__Supplied data__.
━━━━
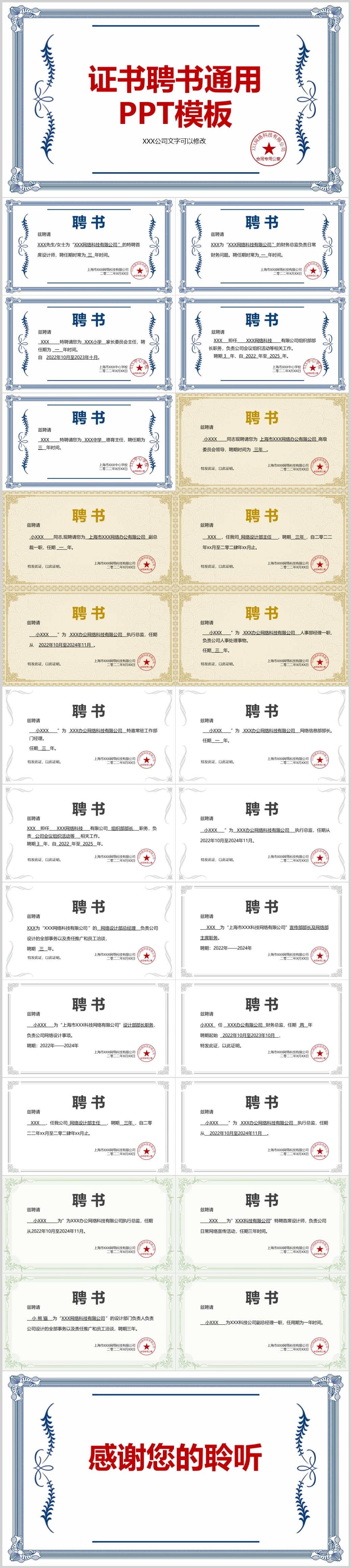 蓝色企业员工荣誉证书聘书通用PPT模板
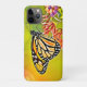 Capa Para iPhone 11 Pro Borboleta Laranja na Design do Flor Rosa
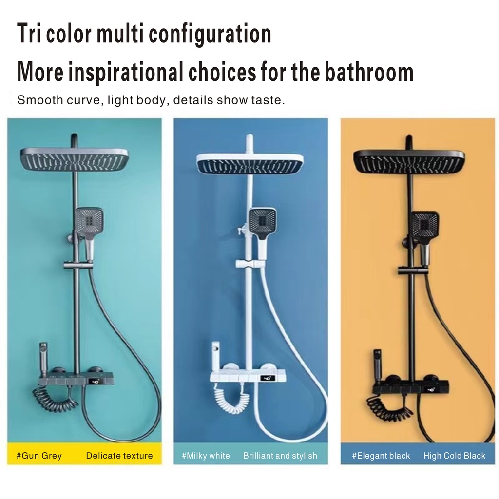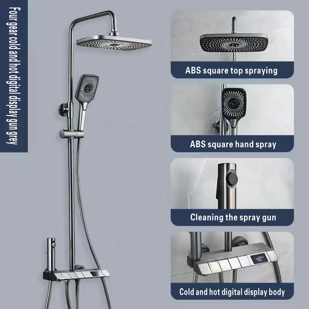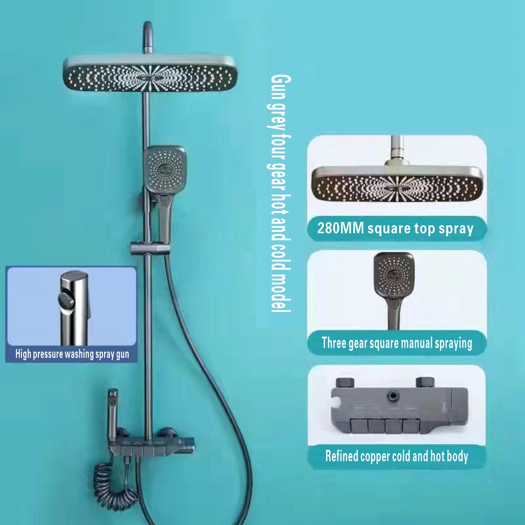 Bathroom shower set Household all copper intelligent constant temperature pressurized shower nozzle shower shower a whole set of gun ash
━━━━
__What to do__.
Output all lines above precisely. Pictures are to be left out.

__The answer__.
 蓝色企业员工荣誉证书聘书通用PPT模板
 Capa Para iPhone 11 Pro Borboleta Laranja na Design do Flor Rosa
 Bathroom shower set Household all copper intelligent constant temperature pressurized shower nozzle shower shower a whole set of gun ash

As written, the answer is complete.